Unreliable public transport, congested roads and a booming middle class make populous Indonesia one of the world’s largest motorcycle markets, and Japan’s Honda Motor wants a bigger slice of the pie.
With sales dropping in Europe and the US in recent years, Honda is eyeing a 60 percent stake in Indonesia’s market over the next decade, revving up the competition with its biggest rival, Yamaha.
“The potential demand for motorcycles in Indonesia is huge, and we’ll keep increasing production in line with consumers’ purchasing power,” Indonesia’s Astra Honda Motor communication head Kristanto said.
Honda and Yamaha are almost neck-and-neck. Honda served 46 percent of the market last year with 3.4 million sales units, and Yamaha served 45 percent at 3.3 million units. Together they supply almost 90 percent of demand.
Honda is hungry to capture 52 percent of the expected 8.2 million units this year, Kristanto said.
Yamaha is keeping cool despite Honda’s ambitions, with sales forecast to jump 6.3 percent this year.
“We are not going to worry.
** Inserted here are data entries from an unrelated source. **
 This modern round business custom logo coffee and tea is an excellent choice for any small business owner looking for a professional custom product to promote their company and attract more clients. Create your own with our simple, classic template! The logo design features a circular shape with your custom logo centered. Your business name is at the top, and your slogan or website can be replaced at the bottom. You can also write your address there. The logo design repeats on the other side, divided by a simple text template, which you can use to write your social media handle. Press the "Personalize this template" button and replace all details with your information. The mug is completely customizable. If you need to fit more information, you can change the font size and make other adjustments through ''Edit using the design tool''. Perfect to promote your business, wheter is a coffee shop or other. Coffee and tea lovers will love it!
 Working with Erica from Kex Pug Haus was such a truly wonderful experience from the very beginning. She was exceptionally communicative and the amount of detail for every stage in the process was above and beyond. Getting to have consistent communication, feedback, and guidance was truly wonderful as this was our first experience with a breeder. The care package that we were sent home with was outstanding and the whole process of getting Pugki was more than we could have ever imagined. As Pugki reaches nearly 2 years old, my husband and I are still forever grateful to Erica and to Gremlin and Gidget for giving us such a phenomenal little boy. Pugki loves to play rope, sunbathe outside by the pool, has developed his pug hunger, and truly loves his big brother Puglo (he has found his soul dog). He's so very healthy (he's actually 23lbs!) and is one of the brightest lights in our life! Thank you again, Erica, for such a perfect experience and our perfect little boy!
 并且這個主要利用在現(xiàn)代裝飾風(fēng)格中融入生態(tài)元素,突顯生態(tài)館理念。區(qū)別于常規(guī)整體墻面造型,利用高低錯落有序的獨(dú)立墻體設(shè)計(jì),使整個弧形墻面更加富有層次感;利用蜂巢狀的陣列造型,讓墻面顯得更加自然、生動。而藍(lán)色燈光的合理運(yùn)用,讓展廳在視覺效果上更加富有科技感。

We’ll do our best and focus on our own strategy, especially giving customers the best service,” Yamaha Motor Kencana Indonesia spokesman Eko Prabowo said.
Automakers have been keen to tap the growing motorcycle market in Southeast Asia’s biggest economy, which has 240 million people. Indonesia’s motorcycle market is the world’s third-biggest after China and India.
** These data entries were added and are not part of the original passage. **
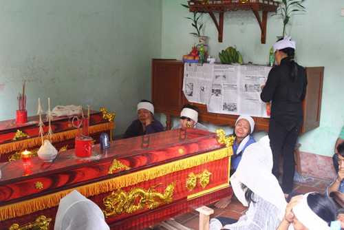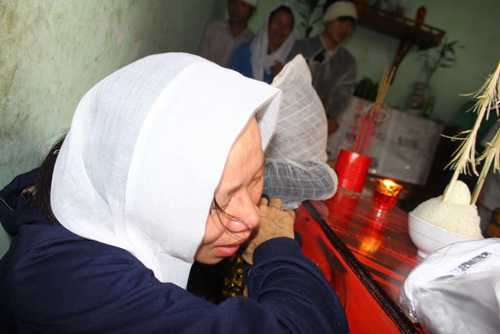 | Hai con là Cao Xuân Liêm và Cao Thị Bích Phượng gục bên quan tài của bố, mẹ |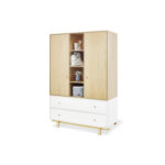 Mit viel Liebe zum Detail entwickelt, testet, produziert und vermarktet Pinolino sein hochwertiges Sortiment an Kindermöbeln, Accessoires und Spielwaren und gestaltet damit seit 1997 die Lebensräume der Kleinsten. Dabei steht Pinolino für die Werte Familie, Glück, Sicherheit und Individualität. Die Pinolino-Plus-Garantie beinhaltet die Verlängerung der gesetzlichen Gewährleistungsfrist auf 10 Jahre ab dem Kaufdatum. Sie beweist, wie überzeugt das Unternehmen von der hervorragenden Qualität seiner Produkte ist. Modernes Wohnen Der tolle Farb- und Materialmix von Boks, kombiniert mit modernem Design, machen das Kinderzimmer einzigartig. Für alle, die sich gerne modern und stilsicher einrichten. Produktdetails: Farbe: weiß / natur Material oberer Teil: Spanplatte, Dekor Material unterer Teil: MDF, lackiert Material Griffe: Gebürstetes Edelstahl Material Sockel: Buche Schichtholz, lackiert Maße: Breite x Tiefe x Höhe 126 x 57 x 190 cm 2 Türen mit Soft-Close-Funktion 2 Schubladen mit Self-Soft-Close-Funktion 2 Schubladen mit 2-facher Wäscheeinteilung 4 offene Fächer 6 höhenverstellbare Einlegeböden 1 Kleiderstange Achtung: Dekoration ist nicht im Lieferumfang enthalten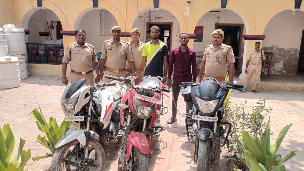 बलिया। अपराध एवं अपराधियों के खिलाफ चलाए जा रहे अभियान के क्रम में उभांव पुलिस ने चोरी की तीन बाइकों के साथ दो अभियुक्तों को गिरफ्तार कर न्यायालय भेज दिया। पूछताछ में अभियुक्तों ने अपना नाम व पता निखिल गुप्ता पुत्र मनोज कुमार गुप्ता निवासी बहादुरपुर कारी, थाना गड़वार, बलिया एवं सचिन कुमार राजभर पुत्र रामअवध राजभर निवासी खटया खडंगी थाना सिकन्दरपुर बलिया बताया।

National annual growth of private vehicle ownership has averaged 11 percent to 13 percent for the past decade, well above other developed countries, according to the University of Gadjah Mada.
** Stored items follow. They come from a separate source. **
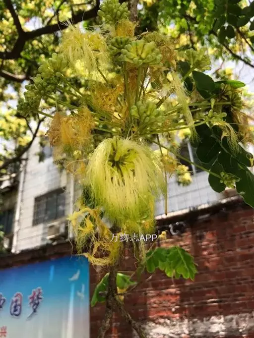 头状花序花时直径3-4厘米;总花梗通常长7-9厘米,1至数个聚生于叶腋;小花梗长3-5毫米;花芳香,花萼管状,长约4毫米,被微柔毛;花冠黄绿色,长7-8毫米,裂片三角状卵形;雄蕊白色或淡黄绿色。荚果带状,长15-28厘米,宽2.5-4.5厘米,扁平,麦秆色,光亮,无毛,常宿存于树上经久不落;种子4-12颗,椭圆形,长约1厘米,棕色。花期5-9月;果期10月至翌年5月。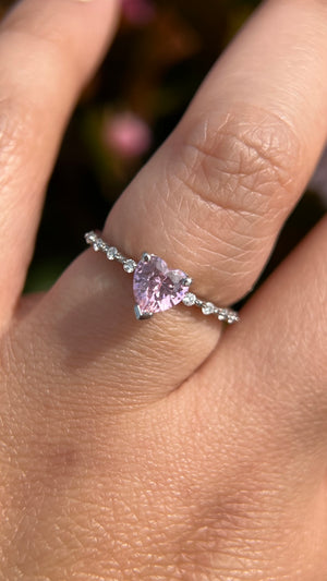 • Center Stone: 6mm Synthetic Heart Pink Ice (Cubic Zirconia)
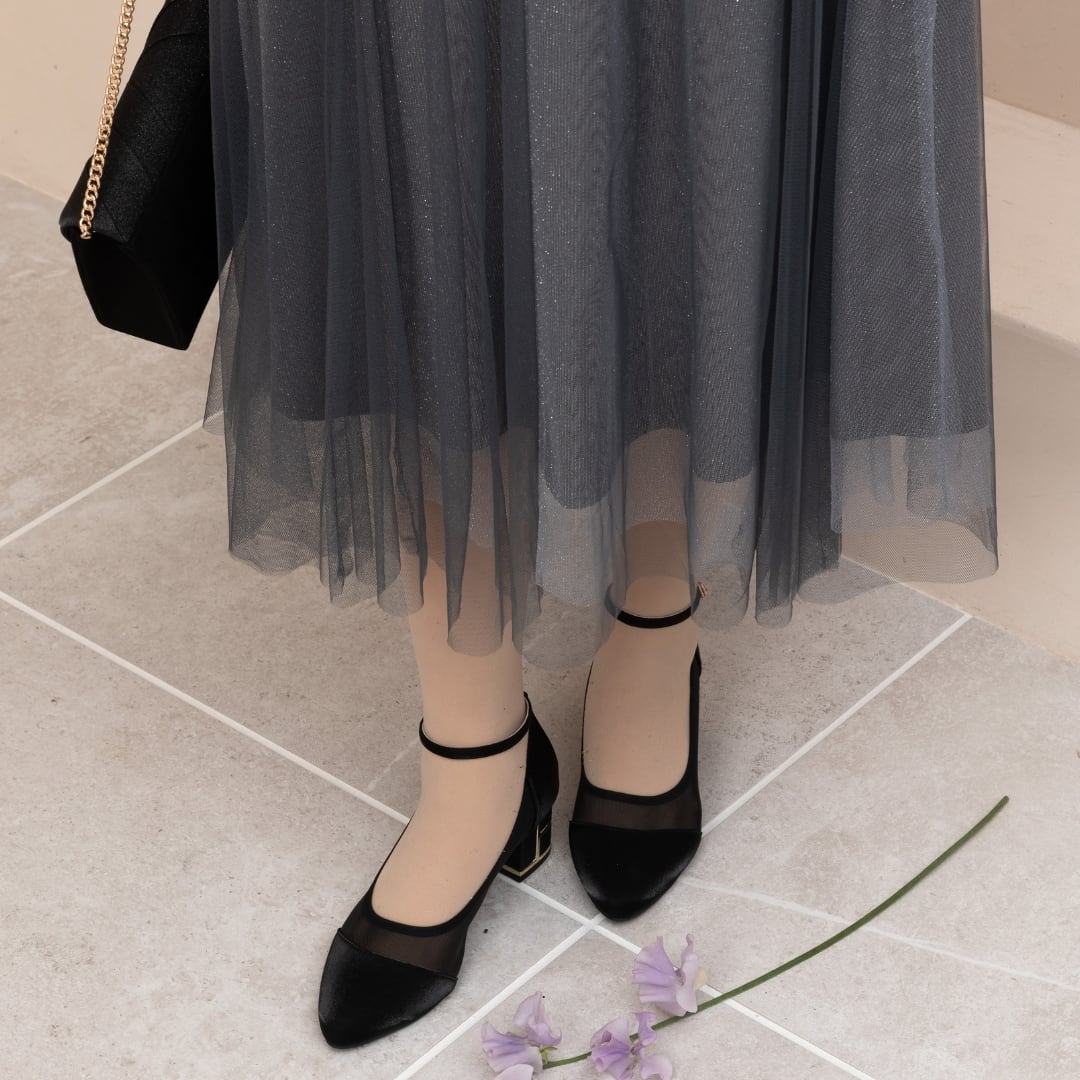 ラメチュール・無地チュール・身生地の3枚仕立てで、歩くとふわっとした広がりのあるスカート。

“Daihatsu, Toyota, Nissan, they all want to have production plants here,” Indonesian Trade Minister Hatta Rajasa said.
However, Indonesia’s growing middle class is demanding far more motorcycles than cars — car sales last year topped 700,000, while motorcycle sales surpassed 7 million.
The average income for Indonesians has risen from US$650 in 2000 to about US$3,000 today, according to UN data.
“And with small loans available, a person can take home a motorcycle for only 500,000 rupiah [US$55] for the first installment,” Bahana Securities analyst Pandu Anugrah said.
As more remote parts of the Indonesian archipelago develop, motorcycles are more common outside the densely populated Java island, where around two-thirds of the population live.
“Because of a boom in commodities, such as palm oil and coal, sales on Borneo island are also growing rapidly,” Anugrah said. “Indonesians also have a strong sense of ownership. So they are proud if they can buy or lease motorcycles of their own.”
Indonesia is one of the fastest-growing economies in the world. Its output expansion is expected to top 6 percent for this year and next.
Despite rapid development, slow progress on transport infrastructure makes commuting in Jakarta unpleasant and inconvenient. Motorcycles and motorcycle taxis, known as ojek, are an affordable alternative to public buses and trains, which often run inconvenient routes and are overcrowded during peak hours.
Poor road planning and management, which has created a persistent traffic problem in Jakarta, costs the economy more than US$3 billion a year, according to the University of Indonesia, and is deterring foreign investment.
Traffic has become a problem for other major cities as well, including Yogyakarta and Surabaya, both on Java — but the country’s curse is Honda’s blessing.
“We’ll keep producing practical transportation as a solution for this problem for people of all levels in this country,” Kristanto said.